Detailed Description

The present invention will be further described with reference to the accompanying drawings and the detailed description, and it should be noted that any combination of the embodiments or technical features described below can be used to form a new embodiment without conflict.

Example 1

In this embodiment, the dynamic observation device based on the human intestinal tract time series metagenome data may be a personal computer, or may be a terminal device such as a smart phone, a tablet, or a portable computer. The device at least comprises: a processor, a communication bus, a display, and a memory. The processor needs to have functions of sequencing (corresponding to a sequencing apparatus), pre-processing analysis (corresponding to a pre-processing analysis apparatus), and data analysis (corresponding to a data analysis apparatus).

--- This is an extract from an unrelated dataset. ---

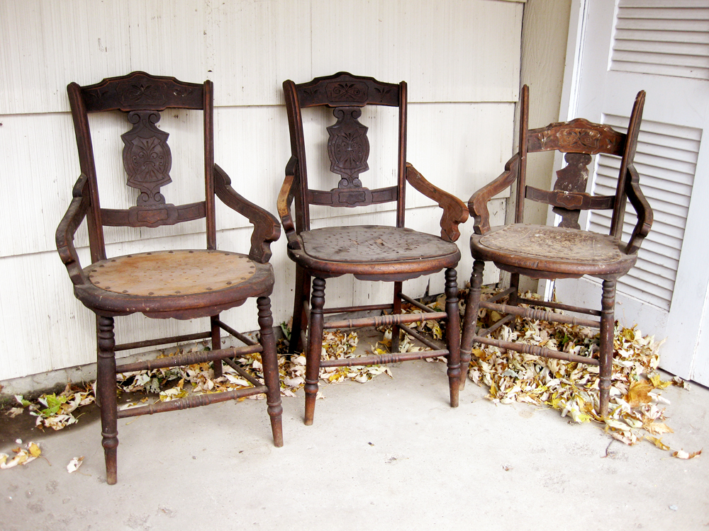 This past Saturday I went to a local estate auction to see what treasures might be up for bid. It turned out that the house was the real treasure, a beautiful big old bungalow with gorgeous woodwork & cabinetry all throughout… but enough drooling, I am not in the market for a house. What I did stay to bid on, however, were the old wooden chairs that were in the backyard.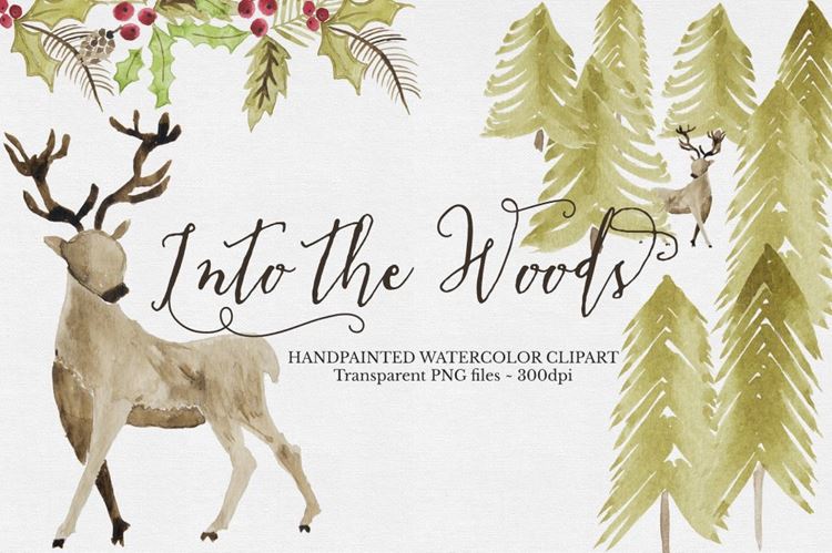 手绘水彩林地主题插画素材 SALE-Watercolor-WoodlandClipart-Set

Wherein the storage means comprises at least one type of readable storage medium including flash memory, hard disk, multi-media card, card-type memory, magnetic disk, optical disk, and the like. The memory may be an internal storage unit of the dynamic observation device in some embodiments. The memory may also be an external storage device of the dynamic observation apparatus in other embodiments. The storage device is used for storing a flora interaction relation detection program based on human intestinal tract time sequence metagenome data and various data, such as data of a user query database, sequencing sequence data, interaction network dynamic change and the like.

The processor may be, in some embodiments, a Central Processing Unit (CPU), controller, microcontroller, microprocessor or other data Processing chip that executes program code stored in memory or processes data.

The communication bus is used to enable connection communication between these components.

Optionally, the dynamic observation device may further include a user interface, the user interface may include a Display (Display), an input unit such as a Keyboard (Keyboard), and the optional user interface may further include a standard wired interface and a wireless interface. Wherein the display is used for displaying information processed in the data analysis device and for displaying a visualized user interface.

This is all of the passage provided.